THE REGULARISATION OF THE MEDICINAL PRODUCT AGAINST COVID-19: Is generic medicine possible? Will the vaccine be available for all?

Industrial Property

Ownership is recognised in our legal system as a fundamental right. Intellectual property arises in two ways: on the one hand, to recognise the sphere of control over creations and inventions and, on the other hand, to promote artistic and industrial development through the legal incentive for their economic exploitation and defence against third parties.

However, Article 90 of Law 24/2015 of 24 June 1968 on Patents (‘the Law on Patents’), with the ultimate aim of ensuring that such industrial development takes place in the interests of society as a whole, requires the proprietor of a patent to operate a patent in such a way that it is sufficient to supply the market.

 

How does this affect the health emergency caused by SARS-CoV-2?

As a result of the global pandemic, caused by the SARS-CoV-2 virus (also known as ‘coronavirus’ or ‘Covid-19’), States and private companies around the globe have joined the race for the discovery and patent of the medication to combat this disease. In this context, the reality is that only 30 % of these investigations are financed by public funds, compared with 70 % of private investment1. This leads to the following conclusions:

  • The legal incentive for economic exploitation and defence is effective for the development of industry, science and R & D & I.

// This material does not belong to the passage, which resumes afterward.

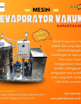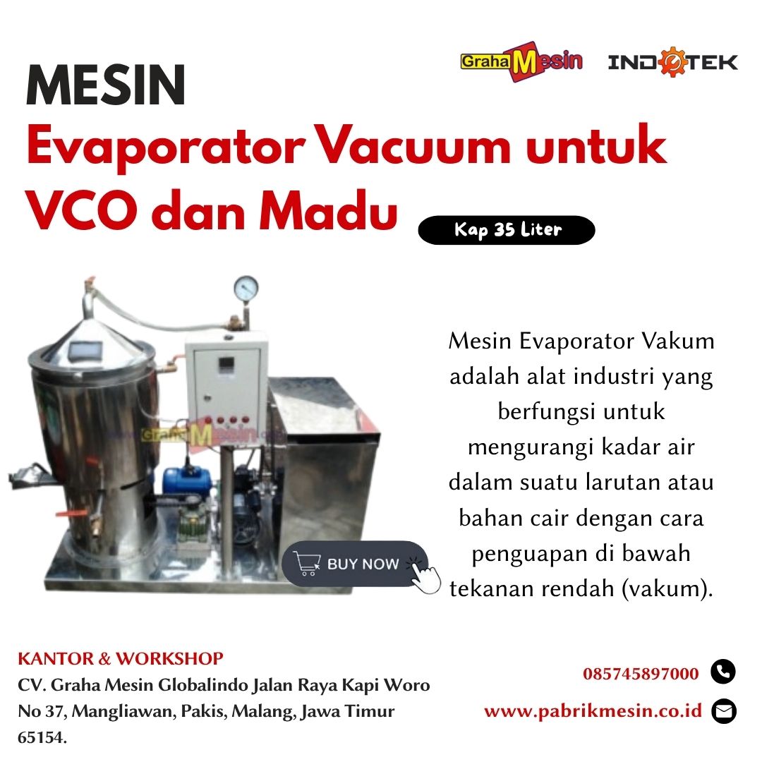Graha Mesin menghadirkan Evaporator Vacuum untuk VCO dan Madu, sebuah inovasi mesin penguapan cairan yang dirancang dengan teknologi modern dan presisi tinggi. Mesin ini digunakan untuk mengurangi kadar air pada bahan cair seperti minyak kelapa murni (VCO), madu, sari buah, dan bahan cair lainnya tanpa merusak kandungan nutrisi serta kualitas alami produk.

  • Faced with high demand, once the medication is discovered, there is a risk of abuse of the patent by its owner, for exemple by charging exorbitant prices, among other possible anti-competitive practices.

This balance of interests between the public and private spheres means that, on the one hand, the mass declaration of a compulsory license without restriction would lead to a disincentive in the investigation; on the other hand, failing to intervene the patent at the relevant time, by the públic administration, could jeopardise equal access to the vaccine or the Coronavirus medication, afforable for the population.

 

What is the solution of the Law on Patents in order to overcome this balance of interests?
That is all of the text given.